Çocukken ne güzeldi bayramlar…
Heyecan…
Farklılık…
Mutluluk…
Hani diyor ya:
“Bahar geldiğinde mi ben böyle olurum
Yoksa böyle olduğumda mı gelir bahar?”
O hesap,
Yaşımız ilerlediği için mi, yoksa dünyanın umurunu daha çok hissettiğimizden midir bilinmez…
Ya da yaşanılanlar mı bizleri böyle düşünmeye sevk ediyor...
Bahar gelince bir burukluk, bir hüzün kaplıyor içimi…
Ve aklıma merhum Abdurrahim Karakoç üstadın o güzel mısraları geliyor…
Bu hüzünlü şiiri
Bayramları buruk geçirenler…
Ne yazık ki bayram mutluluğunu ve heyecanını hissedemeyenler…
Ve bayrama iki gün kala, bir ömür hizmet ettikleri vatanlarında ödül(!) olarak bir ömür de cezaevinde yatmaları reva görülen “Mustafa Özbek”ler, “İlker Başbuğ”lar, “Engin Alan”lar için paylaşıyorum.

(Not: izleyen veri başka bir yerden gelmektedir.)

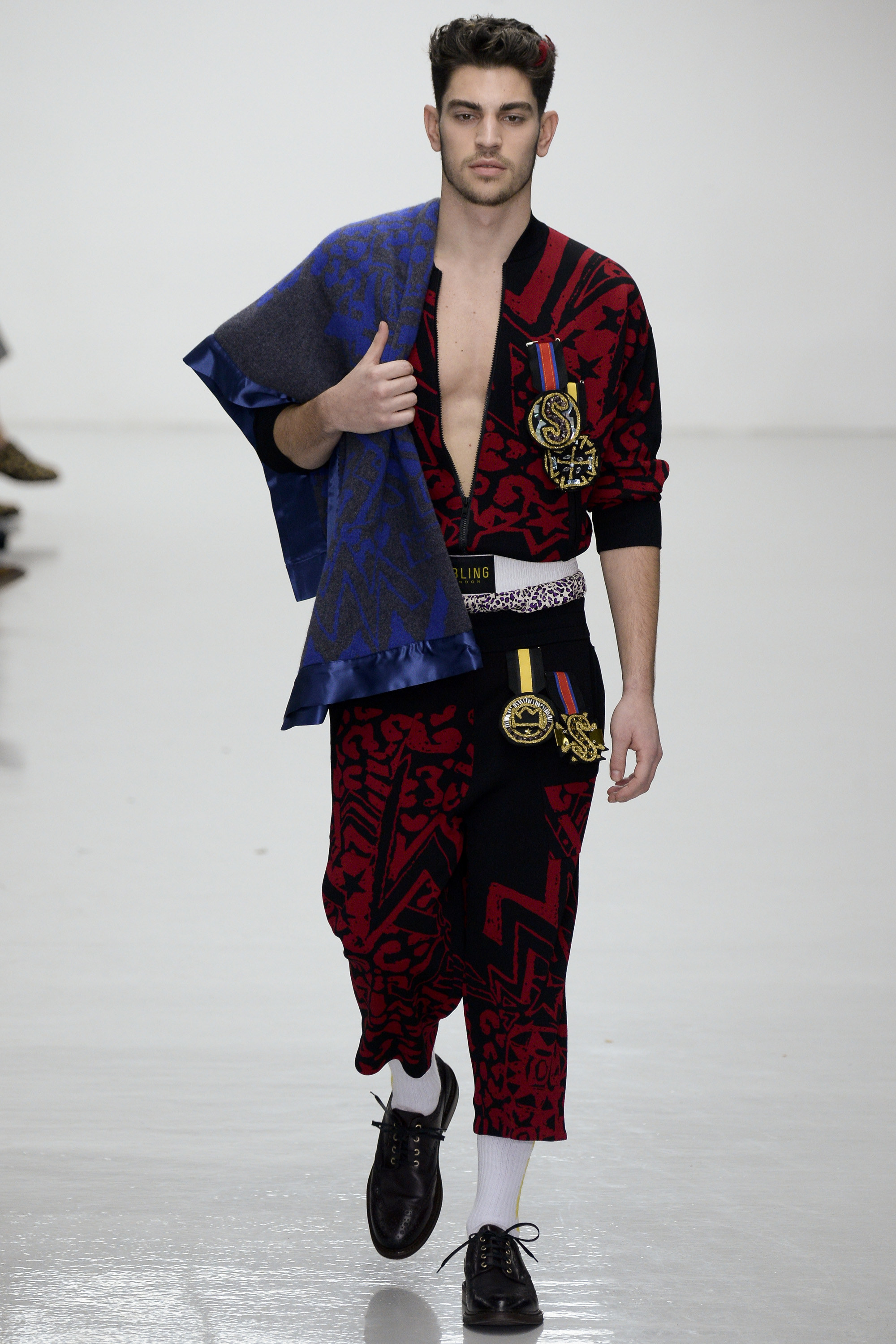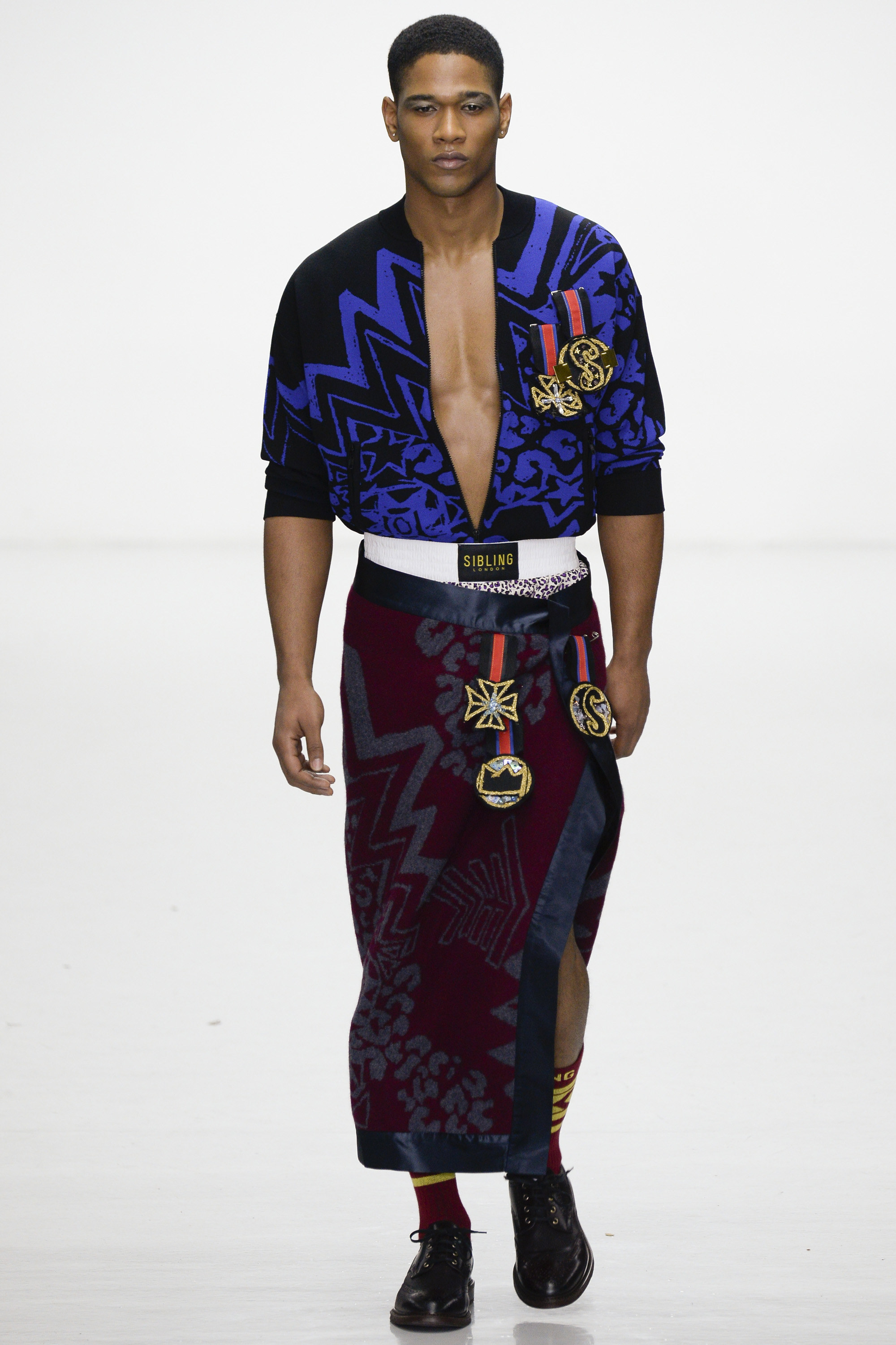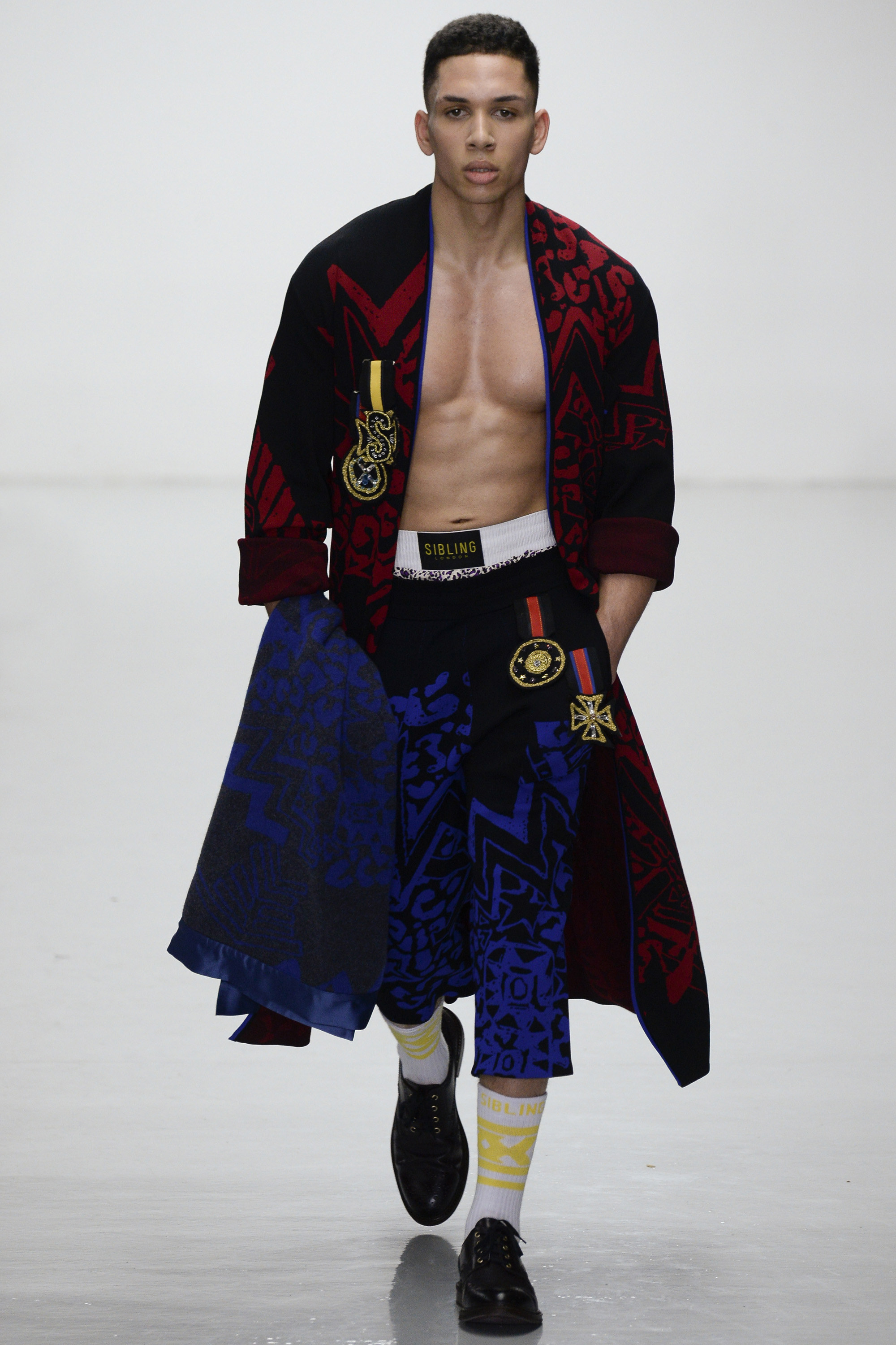 Ding dong, seconds out: Michael Halsband’s 1985 portrait of Andy Warhol and Jean-Michel Basquiat in boxing shorts and gloves sounded the starting bell for this progressively aggressive collection of virtuosity in knitwear. By Sibling’s unique standards, though, tonight’s show began gingerly, almost meekly, with black-backed blue or red jacquard blow-ups of a Sid Bryan doodle inspired by Basquiat and Grace Jones covers, on cardigans and blankets that were wrapped around the models like sarongs. Afterwards Bryan said he had been thrown against the ropes these first few rounds by the urge to keep this collection a muted one. “Last winter was so pink and so bright I wanted to do the antithesis of that . . . It was going to be all black and dark, dark navy. But then I couldn’t do it.”

Rabbim, çocukluğumuzdaki gibi heyecanlı, mutlu ve huzurlu bayramlar nasip etsin!..
***
Bayramlar Bayram Ola
Güneş yükselmeden kuşluk yerine
Bir adam camiden döndü evine
Oturdu sessizce yer minderine
Kızı “Bayram” dedi, yalın ayaklı
Adam “Bayram” dedi, tam ağlamaklı..
Eli öpüldükçe içi burkuldu
Konuşmak istedi, dili tutuldu
Güç belâ ağzından bir “off!” kurtuldu
Oğlu “Bayram” dedi, sırtı yamalı
Adam “he ya” dedi, gözü kapalı..
Düşündü kış yakın, evde odun yok
Tenekede yağ yok, çuvalda un yok
Yok yoka karışmış; tuz yok, sabun yok
Avrat “Bayram” dedi, eğdi başını
Adam “evet” dedi, sıktı dişini..
Çalışsa ne iş var, ne cepte para
Dağ oldu içinde büyüyen yara
Dikti gözlerini karşı duvara
Takvim “Bayram” dedi, silindi yazı
Adam “öyle” dedi, bağrında sızı..
Döndürse yönünü herhangi dosta
Yaralı, gariban, dul, yetim, hasta
Yıllar, aylar, günler erirken yasta
Yer gök “Bayram” dedi, ağzını açtı
Adam “Bayram” dedi, evinden kaçtı…
(Abdurrahim Karakoç)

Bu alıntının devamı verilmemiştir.